Distributed Consensus and the Raft Algorithm
Concepts of Programming Languages
Sebastian Macke
Rosenheim Technical University
About this Lecture: Some Thoughts
- Goal of this lecture is to look at a non trivial example in Go.
- The problem we look at, is language agnostic.
- It can be implemented in almost every language.
- It combines concurrent programming and network programming.
- It contains non trivial logic.
- It is a real world example with high relevance.
2
Distributed Programming
- Concurrent System - multiple execution points (threads, processes or via network)
- Distributed System - processes are running on different networked processors
- Parallel System - like a distributed system, but more closely coupled (shared memory or fast bus)

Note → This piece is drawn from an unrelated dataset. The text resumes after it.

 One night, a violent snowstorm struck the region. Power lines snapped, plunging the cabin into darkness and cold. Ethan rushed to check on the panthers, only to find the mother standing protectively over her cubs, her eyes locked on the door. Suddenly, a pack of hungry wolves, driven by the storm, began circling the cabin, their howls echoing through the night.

Terms are not always used consistently.
3
4
The two general problem
- The two generals problem is a thought experiment in distributed computing and unsolvable when the communication might fail.
- We need a pragmatic solution.
5
Discussion: How would you solve the problem?

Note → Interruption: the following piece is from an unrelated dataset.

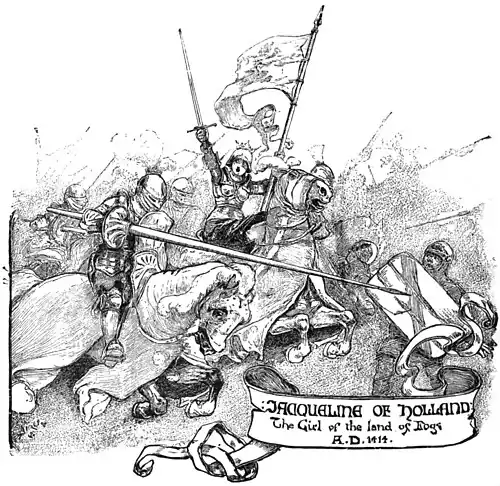 And it was a rash and foolish act. But we must remember that those were days when such feats were esteemed as brave and valorous. For the Princess Jaqueline of Holland was reared in the school of so-called chivalry and romance, which in her time was fast approaching its end. She was, indeed, as one historian declares, the last heroine of knighthood. Her very titles suggest the days of chivalry. She was Daughter of Holland, Countess of Ponthieu, Duchess of Berry, Lady of Crevecoeur, of Montague and Arloeux. Brought up in the midst of tilts and tournaments, of banquets and feasting, and all the lavish display of the rich Bavarian court, she was, as we learn from her chroniclers, the leader of adoring knights and vassals, the idol of her parents, the ruler of her soft-hearted boy husband, an expert falconer, a daring horsewoman, and a fearless descendant of those woman warriors of her race, Margaret the Empress, and Philippa the Queen, and of a house that traced its descent through the warlike Hohenstaufens back to Charlemagne himself.
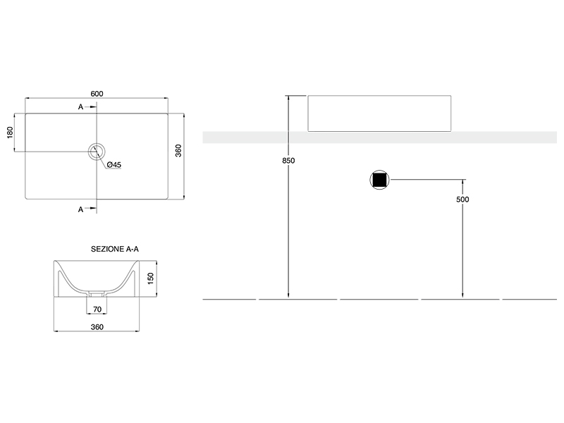 | Отверстие под смеситель | Отсутствует |

Three armies, each led by a general, plan to attack a fortified city. The armies may arrive at different times to surround the city, and none of the generals can be certain whether all the armies will arrive at all. Consequently, they have not appointed a single leader.
For the attack to succeed, at least two armies must strike simultaneously. Therefore, the generals need to coordinate and agree on a precise time to launch the attack. They can only communicate by sending messengers.
- Under the assumption of reliable communication.
- Under the assumption of unreliable communication.
6
What is Distributed Consensus?
The consensus problem requires agreement among a number of processes on a single data value.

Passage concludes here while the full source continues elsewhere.